--- ABOUT THIS EXERCISE ---
Omit the pictures and return exactly the stretch of the material below from the line with "6月27日拍摄的塞罕坝国家森林公园晨景(无人机照片)。" through the line with "The FRE80 Chantilly".

--- DATASET ENTRIES ---

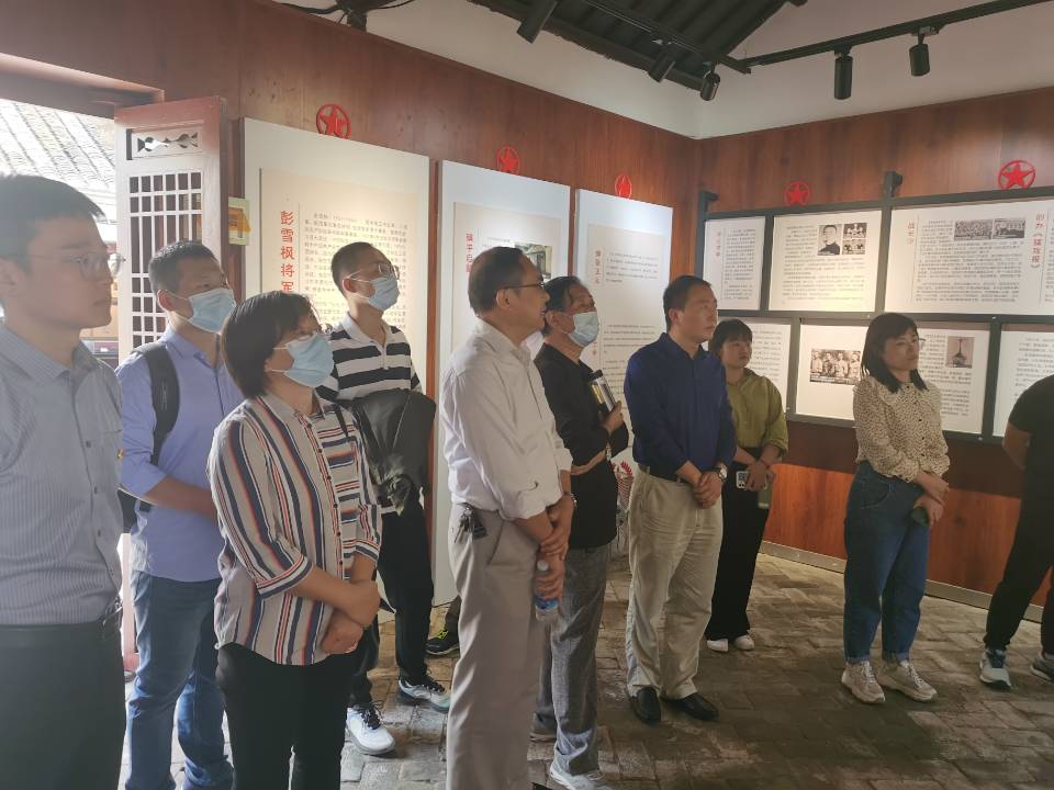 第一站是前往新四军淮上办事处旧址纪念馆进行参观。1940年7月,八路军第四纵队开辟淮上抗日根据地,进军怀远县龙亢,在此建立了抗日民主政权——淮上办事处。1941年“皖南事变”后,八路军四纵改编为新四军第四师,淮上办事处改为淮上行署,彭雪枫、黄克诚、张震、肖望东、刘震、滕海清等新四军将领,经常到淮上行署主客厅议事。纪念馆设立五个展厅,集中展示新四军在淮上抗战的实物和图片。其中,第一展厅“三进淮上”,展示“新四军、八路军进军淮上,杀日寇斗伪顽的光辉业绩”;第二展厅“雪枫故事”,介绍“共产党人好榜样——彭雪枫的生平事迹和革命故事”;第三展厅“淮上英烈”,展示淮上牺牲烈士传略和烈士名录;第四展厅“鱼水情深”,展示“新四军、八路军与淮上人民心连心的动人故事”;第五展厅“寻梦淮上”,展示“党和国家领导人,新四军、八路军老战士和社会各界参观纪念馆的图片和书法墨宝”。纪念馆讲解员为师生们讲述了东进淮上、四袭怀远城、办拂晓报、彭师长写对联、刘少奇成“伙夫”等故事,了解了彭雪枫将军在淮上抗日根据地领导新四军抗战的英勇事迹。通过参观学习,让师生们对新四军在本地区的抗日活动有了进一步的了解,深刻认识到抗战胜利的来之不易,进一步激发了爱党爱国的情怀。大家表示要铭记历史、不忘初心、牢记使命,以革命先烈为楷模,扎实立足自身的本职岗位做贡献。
...
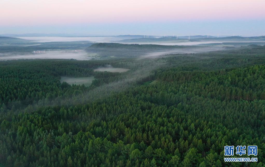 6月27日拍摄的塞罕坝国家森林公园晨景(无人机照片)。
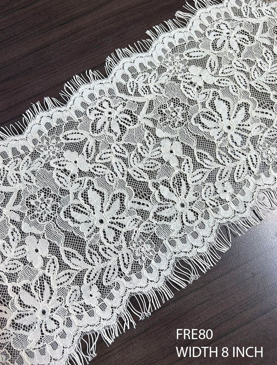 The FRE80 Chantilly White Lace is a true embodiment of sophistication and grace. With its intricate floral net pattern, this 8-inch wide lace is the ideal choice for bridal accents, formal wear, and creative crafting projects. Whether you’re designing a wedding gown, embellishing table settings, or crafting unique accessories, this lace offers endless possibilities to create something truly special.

--- YOUR RESPONSE ---
 6月27日拍摄的塞罕坝国家森林公园晨景(无人机照片)。
 The FRE80 Chantilly White Lace is a true embodiment of sophistication and grace. With its intricate floral net pattern, this 8-inch wide lace is the ideal choice for bridal accents, formal wear, and creative crafting projects. Whether you’re designing a wedding gown, embellishing table settings, or crafting unique accessories, this lace offers endless possibilities to create something truly special.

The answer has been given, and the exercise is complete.